En conséquence, la SARL MANAGER SECURITE est condamnée à payer au titre des charges la somme de 3 366,04 euros au titre des régularisations de charges des exercices 2019 à 2022.
Concernant la demande des loyers pour l’année 2022, la SCI STRATEGIQUE ne conteste pas le paiement justifié par la SARL MANAGER SECURITE EST de la somme de 1 138,36 € pour le deuxième trimestre de l’exercice budgétaire et que dès lors, cette somme doit être déduite de la somme de 1 943,50 € de sorte que le restant dû s’élève à la somme de 804,64 €.
La SARL MANAGER SECURITE EST redevable de la somme totale de 3 465,47 €+ 804,64 €= 4 270,11 euros.
Les parties ne contestent pas que le dépôt de garantie de 645,48 € doit être restitué de sorte que la somme finale due par la SARL MANAGER SECURITE élève à 4 270,11 €- 645,48= 3 624,63 €.
Sur les demandes accessoires
Conformément aux dispositions de l’article 696 du Code de procédure civile, La SCI STRATEGIQUE doit être condamné aux entiers dépens de la procédure.
En application de l’article 700 du code de procédure civile, le juge condamne la partie tenue aux dépens ou qui perd son procès à payer à l’autre partie la somme qu’il détermine, au titre des frais exposés et non compris dans les dépens.

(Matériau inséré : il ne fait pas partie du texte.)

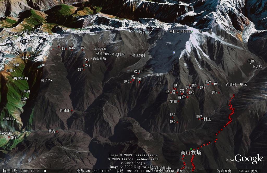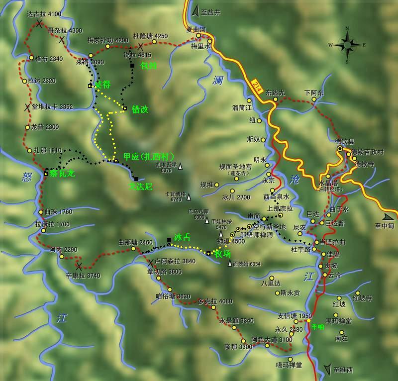 甲应(扎西)——错改——莫得,这部分山路还不是很清楚,可能有待实际访问考察才能得出结论。

Dans tous les cas, le juge tient compte de l’équité ou de la situation économique de la partie condamnée. Il peut, même d’office, pour des raisons tirées des mêmes considérations, dire qu’il n’y a pas lieu à ces condamnations.
Compte tenu de la solution apportée au litige, la SARL MANAGER SECURITE EST est condamnée à payer la somme de 500 € au titre des dispositions de l’article 700 du Code de procédure civile .
PAR CES MOTIFS
Le Tribunal, statuant publiquement, par jugement mis à disposition au greffe, contradictoire et prononcé en premier ressort,
CONDAMNE la SARL MANAGER SECURITE EST à payer à la SCI STRATEGIQUE à payer à la SAS la somme de 3 624,63 € ;
DEBOUTE la SARL MANAGER SECURITE EST de ses demandes ;
CONDAMNE la SARL MANAGER SECURITE EST aux entiers dépens de la procédure ;
CONDAMNE la SAS MANAGER SECURITE EST à payer à la SCI STRATEGIQUE la somme de 500 euros au titre de l’article 700 du Code de procédure civile ;
AINSI JUGE ET PRONONCE par mise à disposition au greffe, le 19 décembre 2024, par Sophie BAGHDASSARIAN, Président et Clarisse GOEPFERT, Greffier.